China 'constructive' on Iran nuclear deal: foreign minister

2015-07-15 09:58China Daily Editor: Si Huan

China has played a uniquely constructive role in the historic nuclear deal concluded on Tuesday in Vienna, Austria, between Iran and six world powers, according to Chinese Foreign Minister Wang Yi.

The long-awaited agreement with China, Britain, France, Germany, Russia and the United States, known as the P5+1, aims to limit Iran's nuclear program in exchange for the gradual suspension of sanctions.

"Today is a historical day," Wang told reporters after the agreement, as posted on the Foreign Ministry's website.

Wang believes the most important achievement of the agreement is that it protects the global non-proliferation system. While Iran made a political commitment not to develop nuclear weapons, it has been given the right to peaceful use of nuclear energy.

"It is also turning a new page of Iran's relationship with the other parties," Wang said.

Wang, who has been shuttling between the nuclear talks in Vienna and the BRICS summit and Shanghai Cooperation Organization meeting in Ufa, Russia, last week, said the agreement succeeded because it adhered to the principle of a political solution despite difficulties and complexities.

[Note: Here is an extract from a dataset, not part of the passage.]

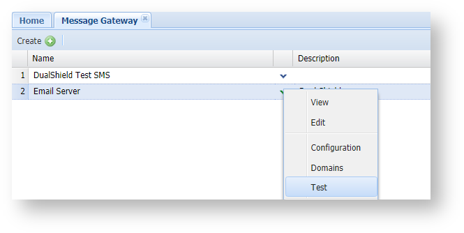 Once the email gateway has been configured it can be tested by using the context menu option "Test";

He said the agreement has been a useful practice for the international community to solve major disputes through dialogue, and it also set a good example for solving other global and regional hot spot issues, including the denuclearization of the Korean Peninsula.

"This comprehensive accord carries significance far beyond the Iranian nuclear issue itself," Wang said.

Wang expressed that China has participated in the whole process of the negotiation in a constructive manner. And China's uniquely constructive role has won praise from all the parties. But he also said that there is still much to do in implementing the deal, and he hopes that all the parties will earnestly implement their commitments.

In Washington, there was a backlash on Tuesday in the Republican-controlled Congress to the 100-page accord. Congress has a 60-day review period and could hold a vote of disapproval and take further action. But President Barack Obama said on Tuesday he will veto moves by Congress to block the Iran deal.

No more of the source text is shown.